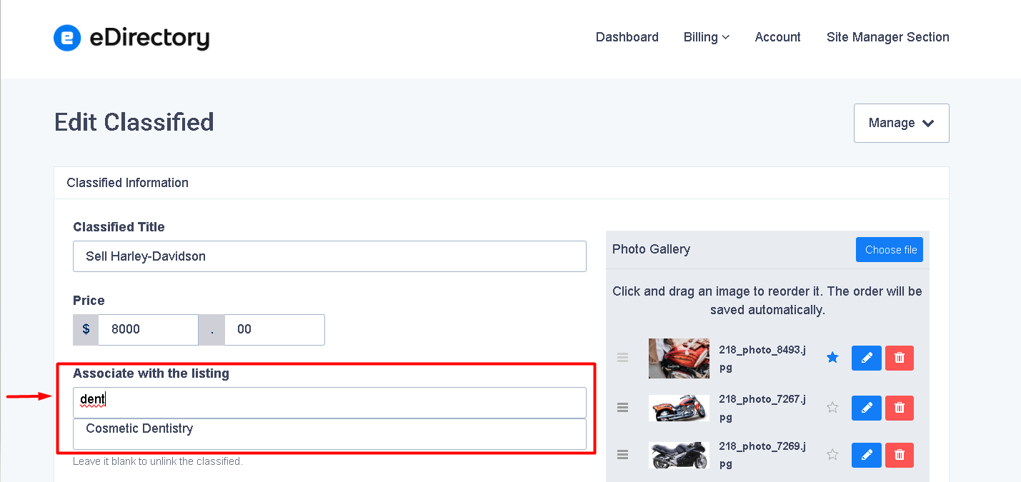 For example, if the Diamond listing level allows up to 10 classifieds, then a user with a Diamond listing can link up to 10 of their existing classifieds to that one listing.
++++++
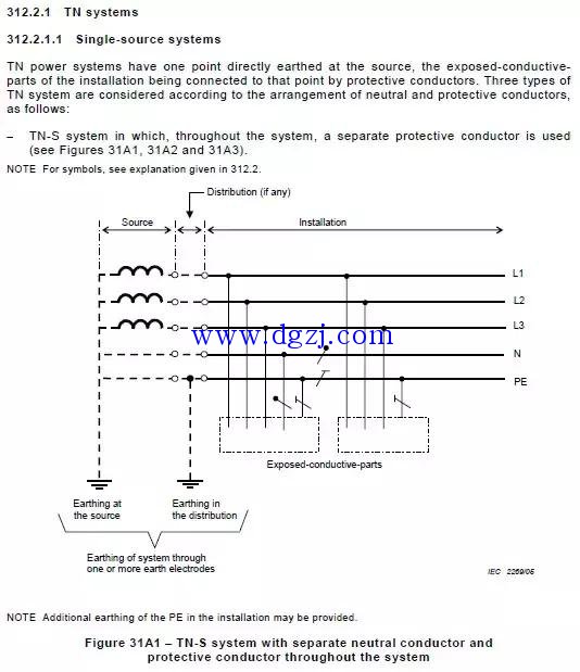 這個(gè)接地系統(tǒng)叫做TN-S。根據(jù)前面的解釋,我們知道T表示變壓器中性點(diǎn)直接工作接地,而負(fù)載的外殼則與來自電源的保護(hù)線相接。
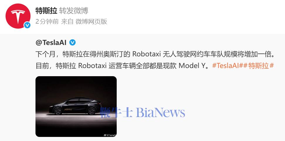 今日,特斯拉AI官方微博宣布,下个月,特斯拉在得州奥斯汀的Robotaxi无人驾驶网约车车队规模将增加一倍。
++++++
TASK
Transcribe the listing above exactly, but only from the line with "這個(gè)接地系統(tǒn" through the line with "今日,特斯拉AI官方微博宣布". Include both of those lines and omit the pictures.

FINAL ANSWER
 這個(gè)接地系統(tǒng)叫做TN-S。根據(jù)前面的解釋,我們知道T表示變壓器中性點(diǎn)直接工作接地,而負(fù)載的外殼則與來自電源的保護(hù)線相接。
 今日,特斯拉AI官方微博宣布,下个月,特斯拉在得州奥斯汀的Robotaxi无人驾驶网约车车队规模将增加一倍。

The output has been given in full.